Gastroenterology Coding Alert

Reader Questions:

Look to the Future for Colorectal Screening Coinsurance Changes

Question: Is there a change this year in how Medicare pays for colorectal cancer screening colonoscopy that results in a biopsy or polyp removal?

Texas Subscriber

Answer: Medicare isn’t changing anything for 2021, but the Consolidated Appropriations Act, 2021 (CAA) provides a schedule for upcoming changes to coverage.

At issue are cases like you’ve described, when the beneficiary presents for a screening colonoscopy (with no history or symptoms), but the gastroenterologist finds a polyp or anomaly and takes a surgical specimen for pathological diagnosis.

Look back: The problem in such a scenario has been that Medicare covers screening colonoscopy at 100 percent, but has cost sharing for diagnostic colonoscopy (when the gastroenterologist finds something and takes a specimen), including deductibles and copays. That results in unexpected billing to the patient.
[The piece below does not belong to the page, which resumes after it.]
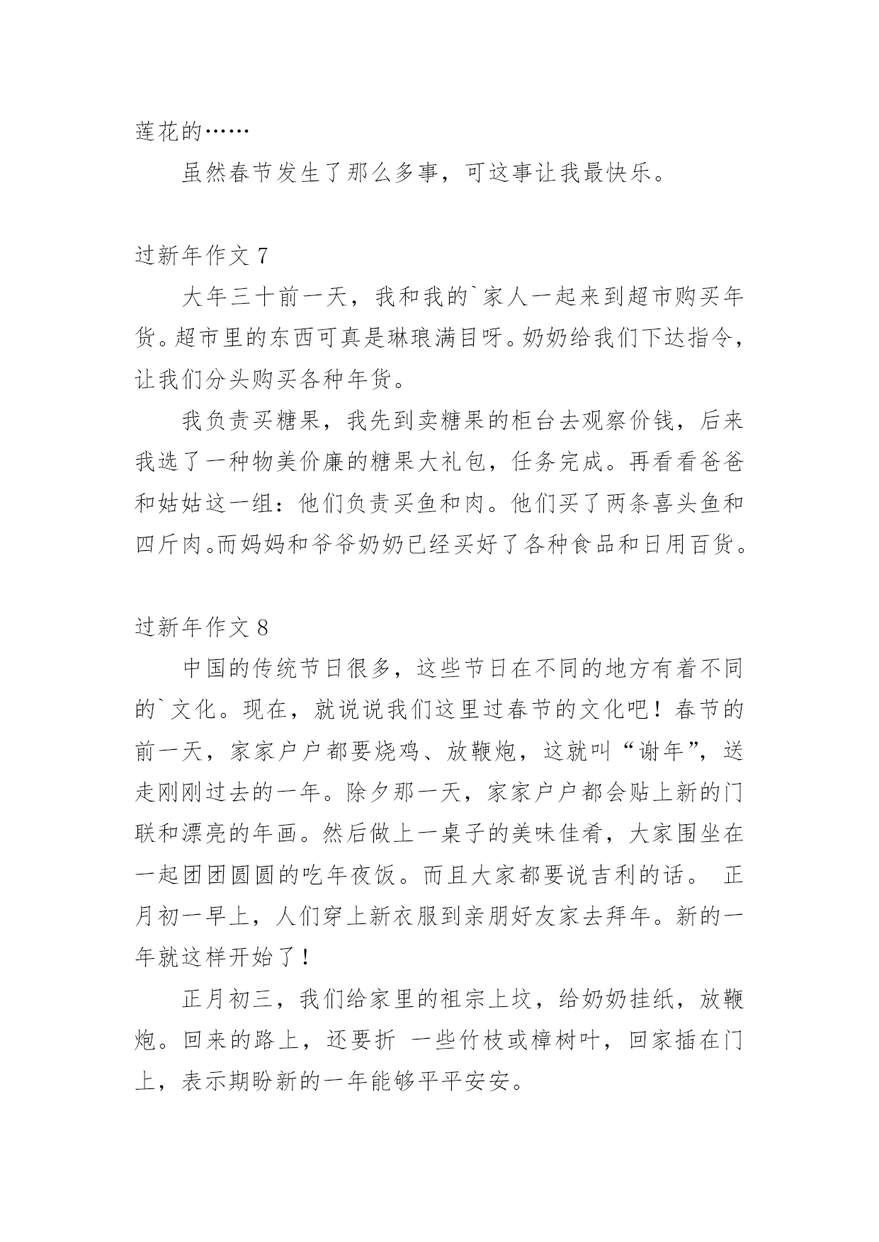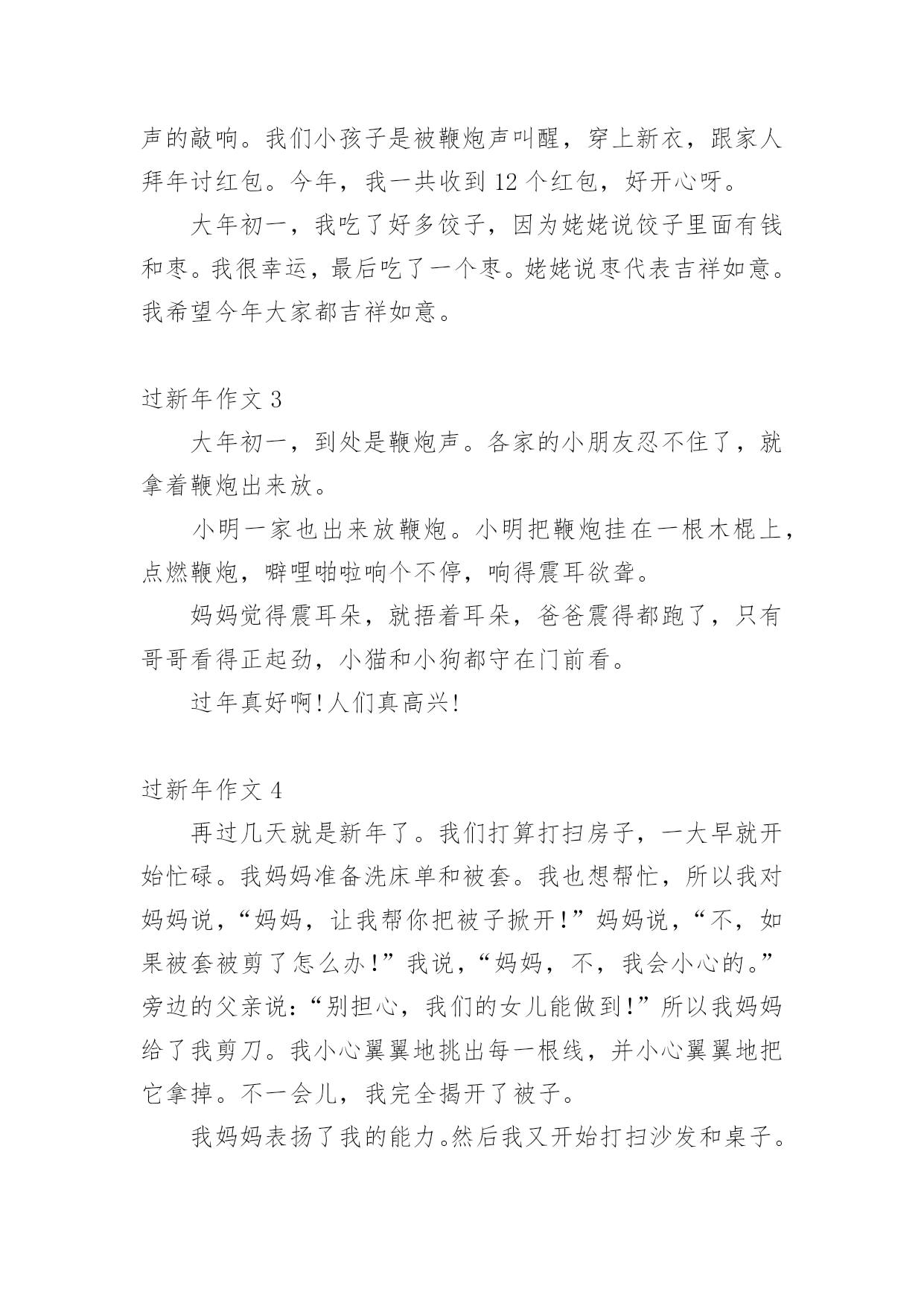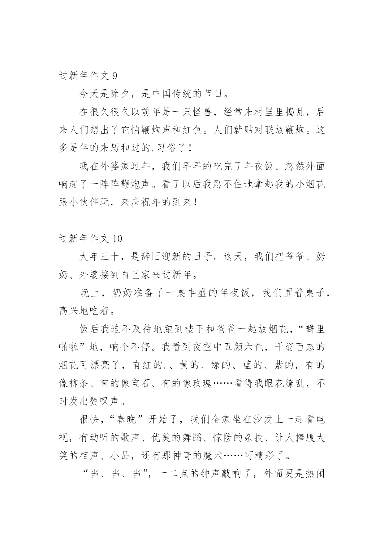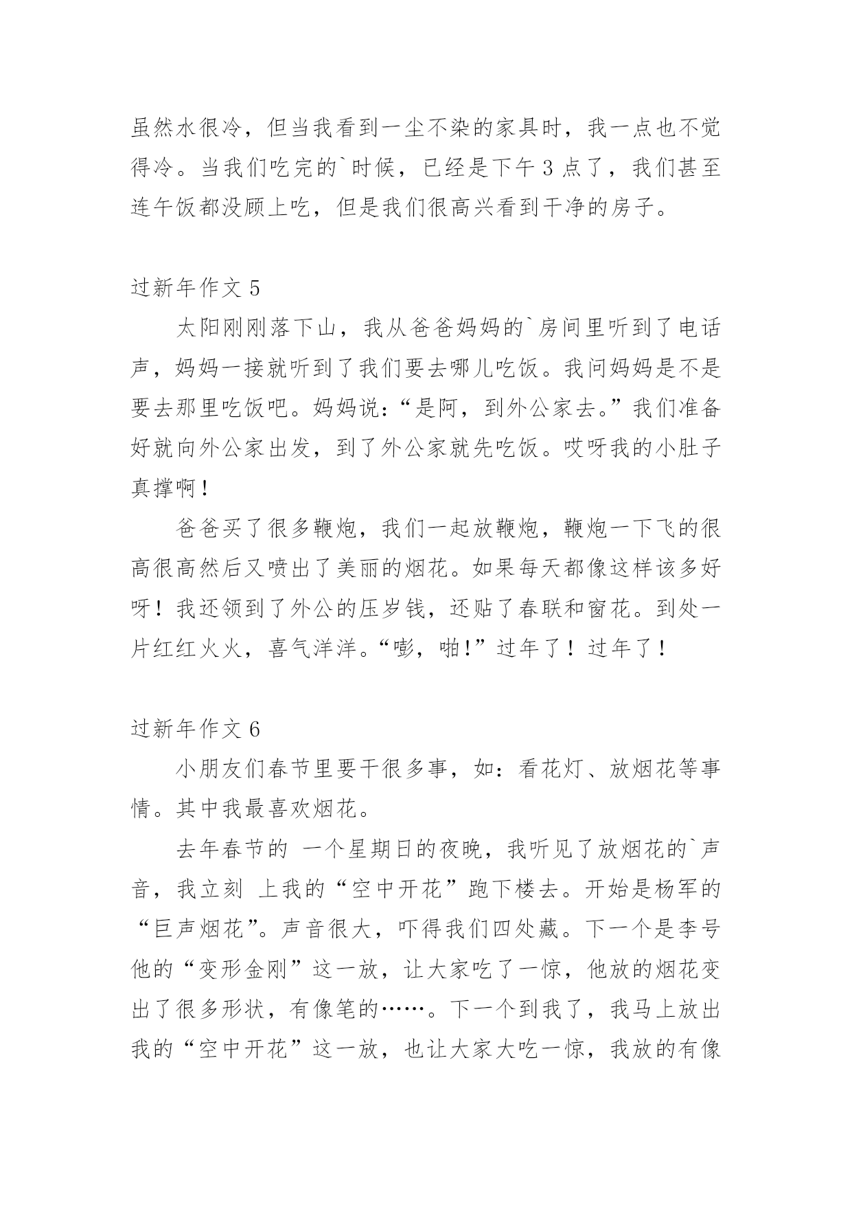 过新年作文 过新年作文(推荐)无论是在学校还是在社会中,大家都不可避免地要接触到作文吧,作文可分为小学作文、中学作文、大学作文(论文)。怎么写作文才能避免踩雷呢?以下是小编精心整理的过新年作文,欢迎阅读与收藏。过新年作文1我盼啊,盼啊,终于盼到了春节!人们的脸上都表现出快乐的神情。你瞧,个人衣着漂亮,精神愉悦地赶集。逛街的`人络绎不色,都在欣赏着街上琳琅满目的商品。我也和家人去买年货。街上张灯结彩,各式各样的年货都有,真是让人眼花了缭乱,真是:只有你想不到的,没有你买不到的。我们也买了很多年货,有我喜欢的零食、美味的水果、好喝的水酒、带着的露珠、鲜嫩的蔬菜,还有其它美味佳肴……过新年作文2今天的春节,我们一大家人在大年30晚上一起吃年夜饭,团团圆圆过大年,长辈们相互敬酒祝福,我们小孩子一起看烟花,放儿童烟花。吃完年夜饭,我们一家人一起看春节晚会,迎接新年钟声的敲响。我们小孩子是被鞭炮声叫醒,穿上新衣,跟家人拜年讨红包。今年,我一共收到12个红包,好开心呀。大年初一,我吃了好多饺子,因为姥姥说饺子里面有钱和枣。我很幸运,最后吃了一个枣。姥姥说枣代表吉祥如意。我希望今年大家都吉祥如意。过新年作文3大年初一,到处是鞭炮声。各家的小朋友忍不住了,就拿着鞭炮出来放。小明一家也出来放鞭炮。小明把鞭炮挂在一根木棍上,点燃鞭炮,噼哩啪啦响个不停,响得震耳欲聋。妈妈觉得震耳朵,就捂着耳朵,爸爸震得都跑了,只有哥哥看得正起劲,小猫和小狗都守在门前看。过年真好啊!人们真高兴!过新年作文4再过几天就是新年了。我们打算打扫房子,一大早就开始忙碌。我妈妈准备洗床单和被套。我也想帮忙,所以我对妈妈说,“妈妈,让我帮你把被子掀开!”妈妈说,“不,如果被套被剪了怎么办!”我说,“妈妈,不,我会小心的。”旁边的父亲说:“别担心,我们的女儿能做到!”所以我妈妈给了我剪刀。我小心翼翼地挑出每一根线,并小心翼翼地把它拿掉。不一会儿,我完全揭开了被子。我妈妈表扬了我的能力。然后我又开始打扫沙发和桌子。虽然水很冷,但当我看到一尘不染的家具时,我一点也不觉得冷。当我们吃完的`时候,已经是下午3点了,我们甚至连午饭都没顾上吃,但是我们很高兴看到干净的房子。过新年作文5太阳刚刚落下山,我从爸爸妈妈的`房间里听到了电话声,妈妈一接就听到了我们要去哪儿吃饭。我问妈妈是不是要去那里吃饭吧。妈妈说:“是阿,到外公家去。”我们准备好就向外公家出发,到了外公家就先吃饭。哎呀我的小肚子真撑啊!爸爸买了很多鞭炮,我们一起放鞭炮,鞭炮一下飞的很高很高然后又喷出了美丽的烟花。如果每天都像这样该多好呀!我还领到了外公的压岁钱,还贴了春联和窗花。到处一片红红火火,喜气洋洋。“嘭,啪!”过年了!过年了!过新年作文6小朋友们春节里要干很多事,如:看花灯、放烟花等事情。其中我最喜欢烟花。去年春节的一个星期日的夜晚,我听见了放烟花的`声音,我立刻上我的“空中开花”跑下楼去。开始是杨军的“巨声烟花”。声音很大,吓得我们四处藏。下一个是李号他的“变形金刚”这一放,让大家吃了一惊,他放的烟花变出了很多形状,有像笔的……。下一个到我了,我马上放出我的“空中开花”这一放,也让大家大吃一惊,我放的有像莲花的……虽然春节发生了那么多事,可这事让我最快乐。过新年作文7大年三十前一天,我和我的`家人一起来到超市购买年货。超市里的东西可真是琳琅满目呀。奶奶给我们下达指令,让我们分头购买各种年货。我负责买糖果,我先到卖糖果的柜台去观察价钱,后来我选了一种物美价廉的糖果大礼包,任务完成。再看看爸爸和姑姑这一组:他们负责买鱼和肉。他们买了两条喜头鱼和四斤肉。而妈妈和爷爷奶奶已经买好了各种食品和日用百货。过新年作文8中国的传统节日很多,这些节日在不同的地方有着不同的`文化。现在,就说说我们这里过春节的文化吧!春节的前一天,家家户户都要烧鸡、放鞭炮,这就叫“谢年”,送走刚刚过去的一年。除夕那一天,家家户户都会贴上新的门联和漂亮的年画。然后做上一桌子的美味佳肴,大家围坐在一起团团圆圆的吃年夜饭。而且大家都要说吉利的话。正月初一早上,人们穿上新衣服到亲朋好友家去拜年。新的一年就这样开始了!正月初三,我们给家里的祖宗上坟,给奶奶挂纸,放鞭炮。回来的路上,还要折一些竹枝或樟树叶,回家插在门上,表示期盼新的一年能够平平安安。过新年作文9今天是除夕,是中国传统的节日。在很久很久以前年是一只怪兽,经常来村里里捣乱,后来人们想出了它怕鞭炮声和红色。人们就贴对联放鞭炮。这多是年的来历和过的.习俗了!我在外婆家过年,我们早早的吃完了年夜饭。忽然外面响起了一阵阵鞭炮声。看了以后我忍不住地拿起我的小烟花跟小伙伴玩,来庆祝年的到来!过新年作文10大年三十,是辞旧迎新的日子。这天,我们把爷爷、奶奶、外婆接到自己家来过新年。晚上,奶奶准备了一桌丰盛的年夜饭,我们围着

To rectify this, CMS is implementing the following schedule to waive Medicare coinsurance for these colorectal cancer screening tests when a polyp is removed by gradually increasing coverage percentage as follows:

  • Jan. 1, 2022: 80 percent
  • Jan. 1 2023-2026: 85 percent
  • Jan. 1 2027-2029: 90 percent
  • Jan. 1, 2030: 100 percent

Therefore, by 2030, the patient will have no coinsurance due under Medicare when colorectal screenings are performed — whether or not a polyp is removed.